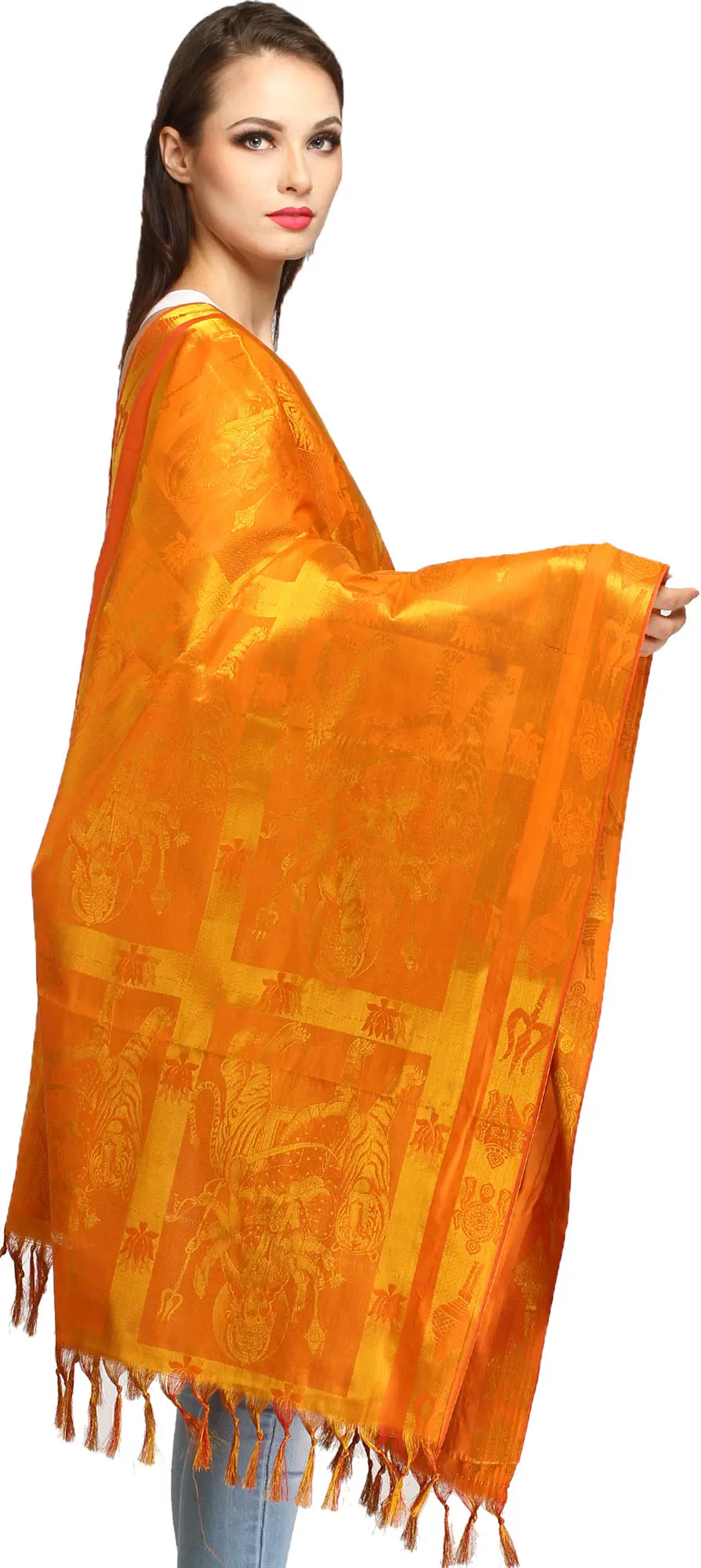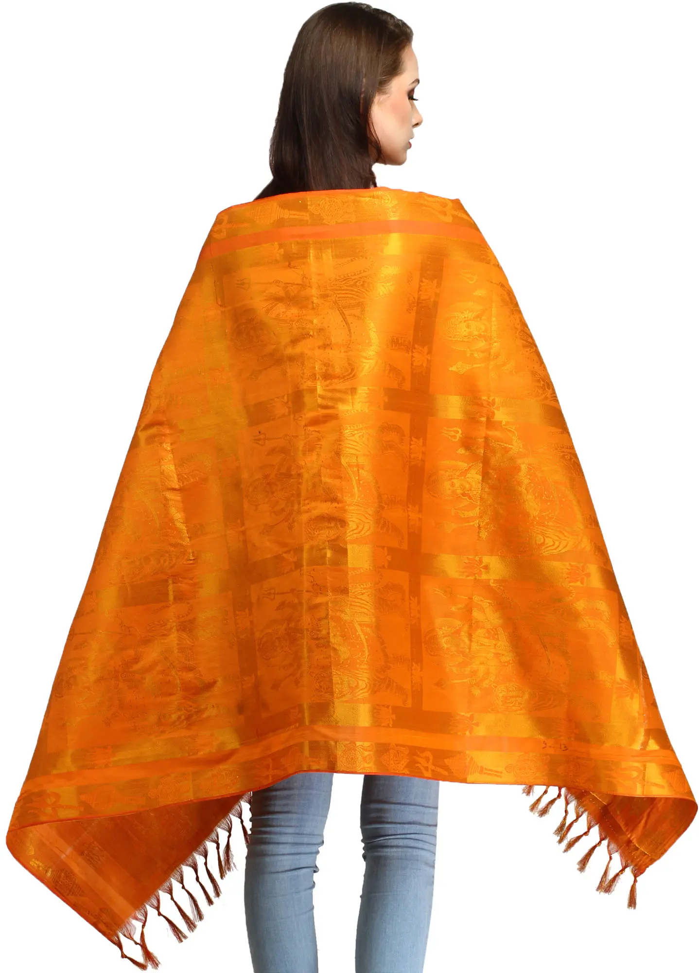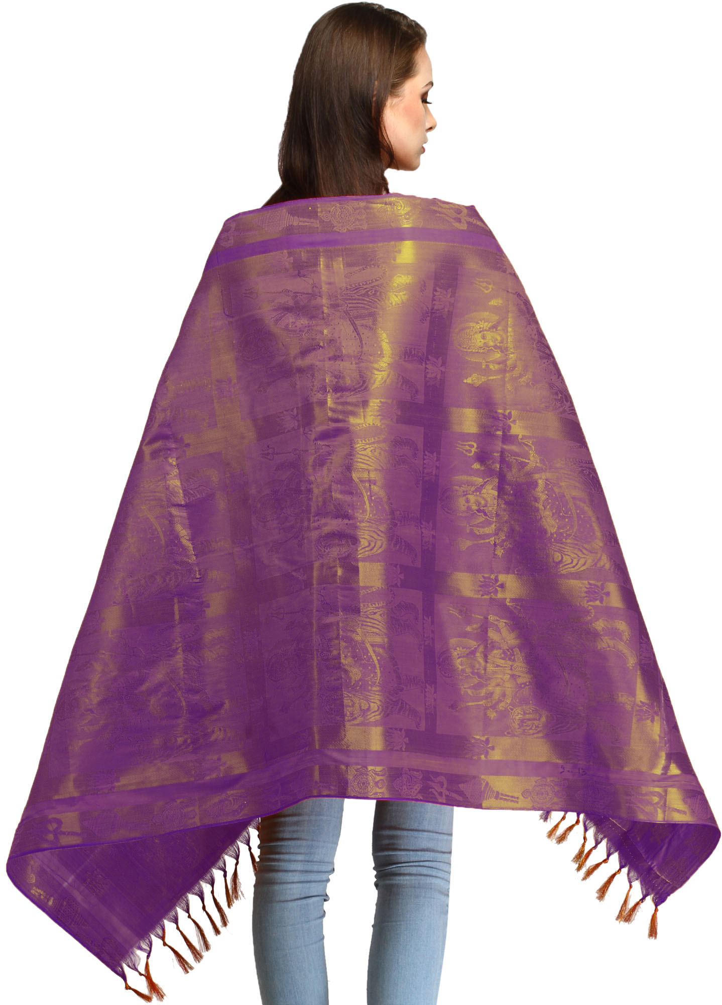 Goddess Durga Brocaded Prayer Shawl from Tamil Nadu
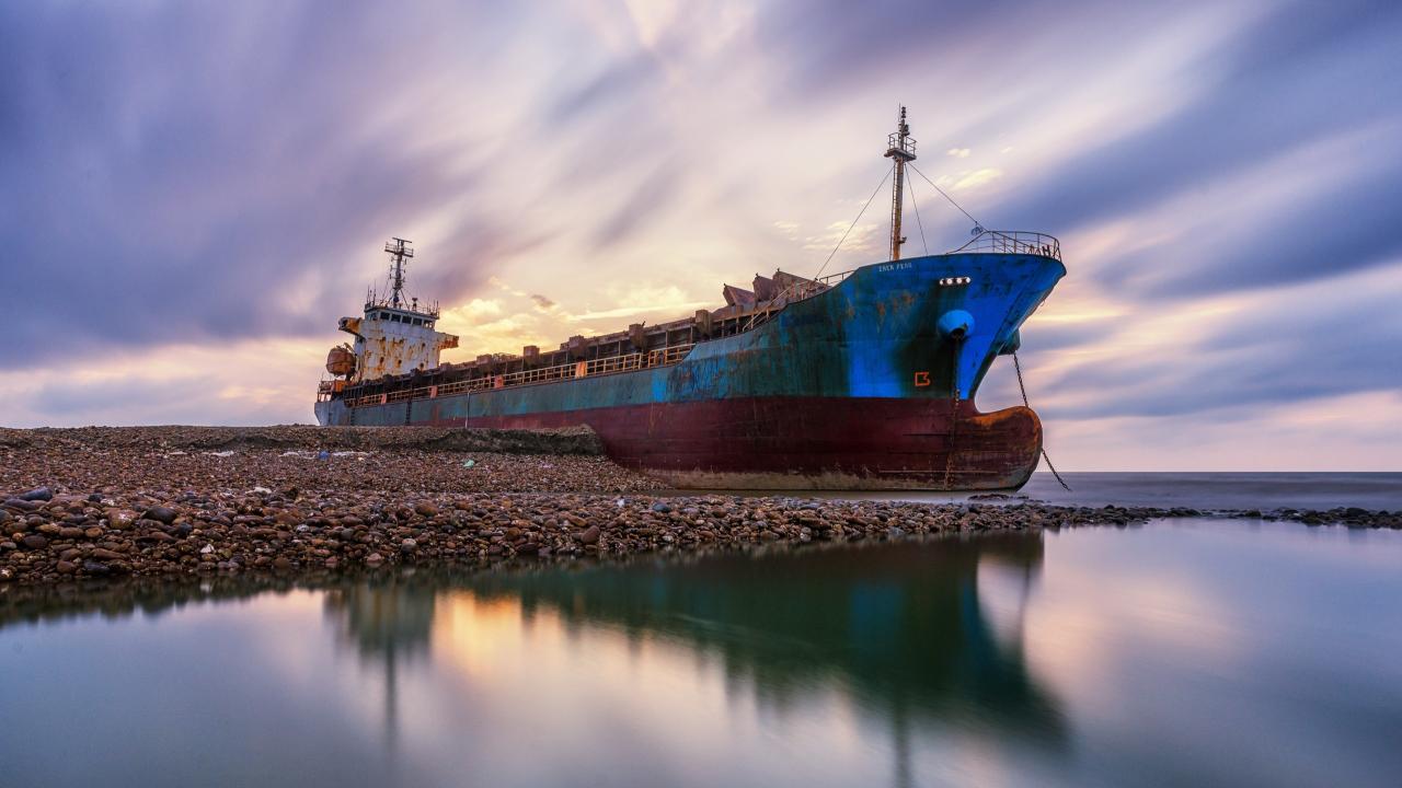 Wallpaper Old rusty ship on the shore under a beautiful sky
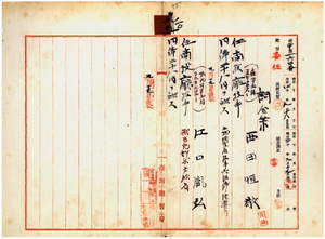一〇 南投庁長能勢靖一ノ上申ニ依リ南投庁事務嘱託西田恒敬ト南投庁事務嘱託江口胤弘ヲ南投庁技手ニ任ス
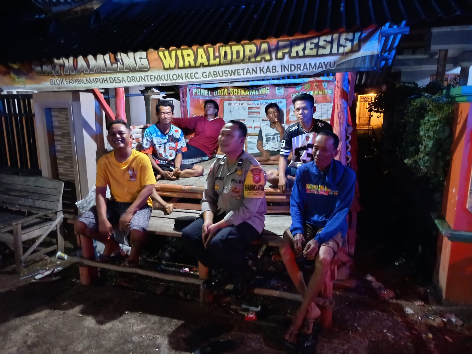 Dalam kunjungan sambang kali ini, petugas kepolisian menyapa langsung warga yang sedang berjaga di Pos Satkamling Wiralodra Presisi, tepatnya di Blok Sambilampuh, Desa Druntenkulon, Kecamatan Gabuswetan.
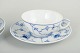 Sæt af tre tekopper i håndmalet porcelæn fra Musselmalet Riflet med klassisk underglasurdekoration i koboltblå. Model 1/76. Fremstillet i 1920’erne. Nogle dele er første sortering, andre annulleret med én eller to indridsede streger under bunden.
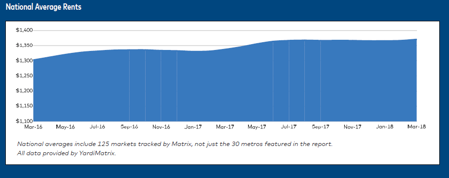 Yardi Matrix considers the market’s performance “decidedly mixed” in the past month, according to the latest Matrix Monthly report. Before March, the national average rent hadn’t risen or fallen more than $1 since July 2017, and the growing average rent stands out against an overall trend toward deceleration. However, concerns about peaking supply, affordability, and falling occupancy rates remain. About 620,000 new units have been added to the nation’s housing stock over the past two years, and the occupancy rate has fallen by 100 bps over the same period.
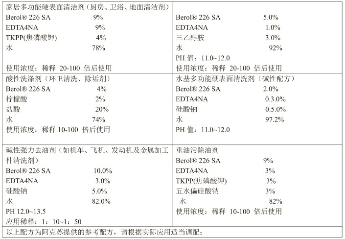 1、将 BEROL 226 与一种复合剂和一种助洗剂作简单的组合,就可制成品质优异的水性去油剂。
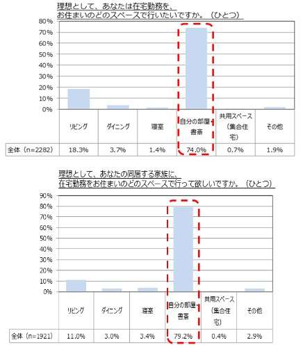約8割近くの人が、在宅ワークを行う際に書斎や自分の部屋のような独立した専用スペースを求めていることが明らかとなりました。
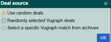 - The host can select the Deal Source - Random hands, Random Vugraph deals, Specific Vugraph
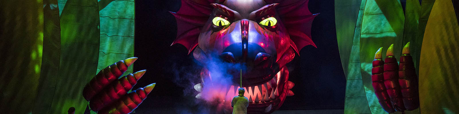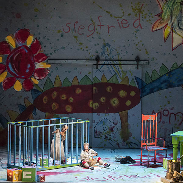 Siegfried, son of Siegmund and Sieglinde, has grown up – raised by the nasty dwarf, Mime. Siegfried forges anew the fragments of his father’s shattered sword, Nothung. Mime longs to have as his own the ring and the gold that are now guarded by the giant Fafner, who has now become a dragon. Siegfried manages to slay Fafner, taking with him the ring and the magic helmet (the Tarnhelm). Realizing that Mime intends to do him harm, Siegfried kills Mime. As the hero who knows no fear, Siegfried is able to penetrate the magic fire that surrounds Brünnhilde, who had been put to sleep as punishment by her father Wotan – she can be wakened only by a fearless hero. When Siegfried kisses her, she awakens as a mortal woman (no longer a goddess). The two fall ecstatically in love.

+--

**WHAT IS NEEDED:**
What should come back is an exact copy of the lines above from the line with "Dalam kunjungan sambang" to the line with "Sæt af tre tekopper", both included, minus the pictures.

**SOLUTION FOR THIS PROBLEM:**
 Dalam kunjungan sambang kali ini, petugas kepolisian menyapa langsung warga yang sedang berjaga di Pos Satkamling Wiralodra Presisi, tepatnya di Blok Sambilampuh, Desa Druntenkulon, Kecamatan Gabuswetan.
 Sæt af tre tekopper i håndmalet porcelæn fra Musselmalet Riflet med klassisk underglasurdekoration i koboltblå. Model 1/76. Fremstillet i 1920’erne. Nogle dele er første sortering, andre annulleret med én eller to indridsede streger under bunden.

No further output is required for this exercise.